**Data segment:**
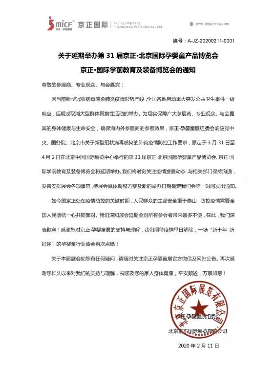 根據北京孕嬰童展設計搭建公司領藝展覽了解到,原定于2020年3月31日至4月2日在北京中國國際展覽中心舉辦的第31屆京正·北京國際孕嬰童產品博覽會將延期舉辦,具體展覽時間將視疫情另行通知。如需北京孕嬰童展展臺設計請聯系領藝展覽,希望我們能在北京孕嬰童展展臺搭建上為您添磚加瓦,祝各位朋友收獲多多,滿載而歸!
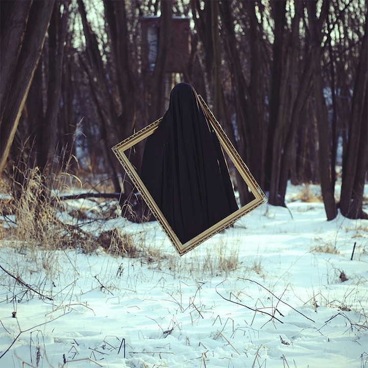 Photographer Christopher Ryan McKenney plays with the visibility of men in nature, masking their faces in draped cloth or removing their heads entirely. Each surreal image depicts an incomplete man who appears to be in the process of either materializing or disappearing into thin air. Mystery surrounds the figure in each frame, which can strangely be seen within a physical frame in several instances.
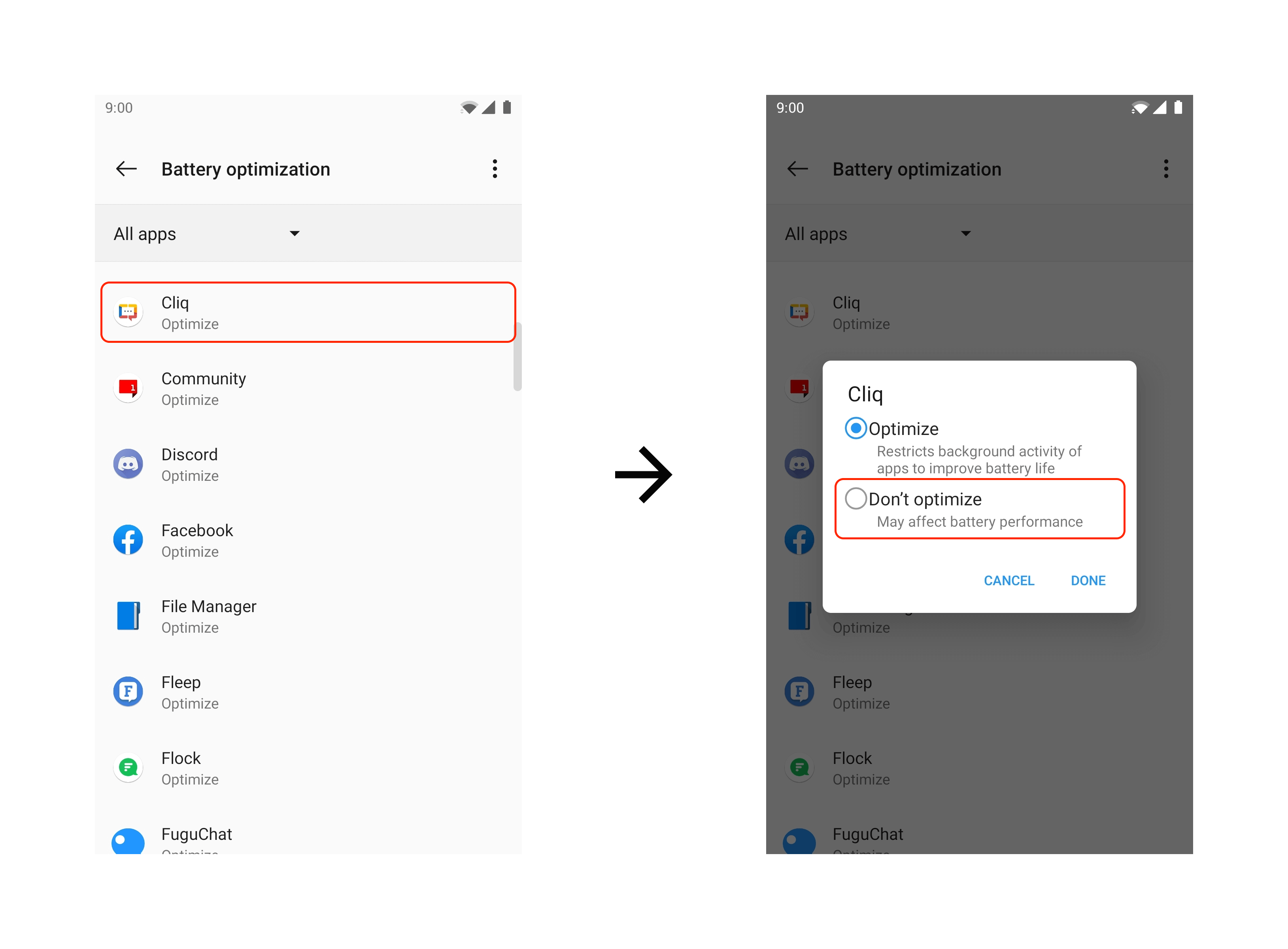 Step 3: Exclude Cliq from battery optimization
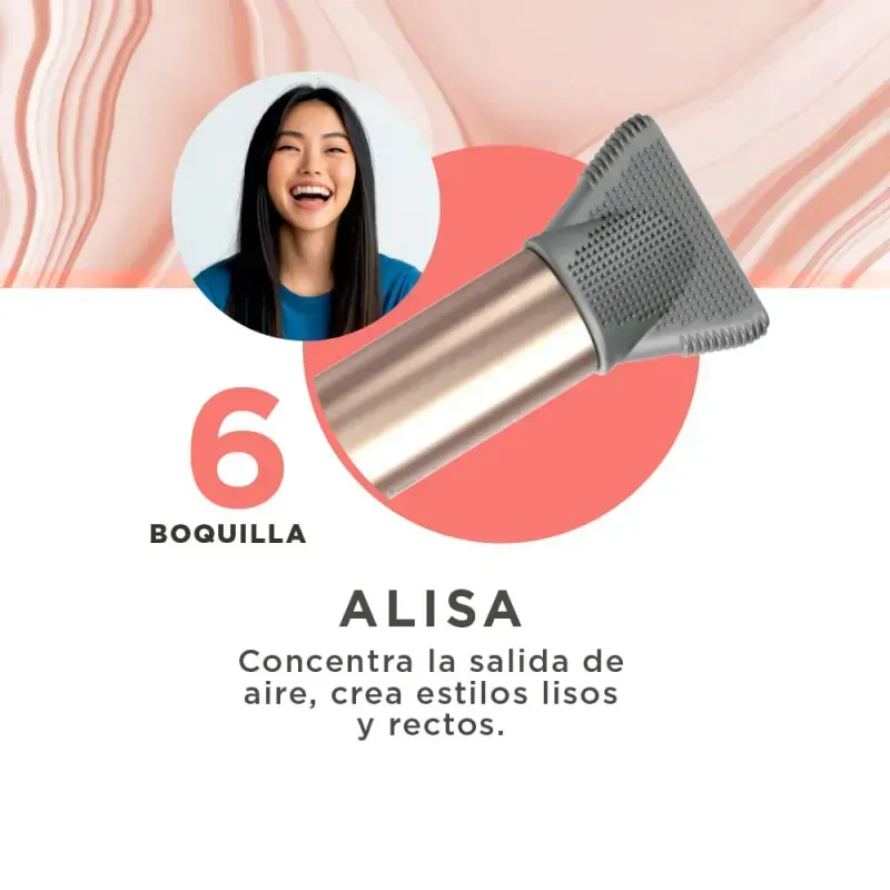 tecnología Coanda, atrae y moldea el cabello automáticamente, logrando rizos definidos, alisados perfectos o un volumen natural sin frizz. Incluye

**What you are asked to do:**
Without including any picture, write out the material above exactly.

**Output of the exercise:**
 根據北京孕嬰童展設計搭建公司領藝展覽了解到,原定于2020年3月31日至4月2日在北京中國國際展覽中心舉辦的第31屆京正·北京國際孕嬰童產品博覽會將延期舉辦,具體展覽時間將視疫情另行通知。如需北京孕嬰童展展臺設計請聯系領藝展覽,希望我們能在北京孕嬰童展展臺搭建上為您添磚加瓦,祝各位朋友收獲多多,滿載而歸!
 Photographer Christopher Ryan McKenney plays with the visibility of men in nature, masking their faces in draped cloth or removing their heads entirely. Each surreal image depicts an incomplete man who appears to be in the process of either materializing or disappearing into thin air. Mystery surrounds the figure in each frame, which can strangely be seen within a physical frame in several instances.
 Step 3: Exclude Cliq from battery optimization
 tecnología Coanda, atrae y moldea el cabello automáticamente, logrando rizos definidos, alisados perfectos o un volumen natural sin frizz. Incluye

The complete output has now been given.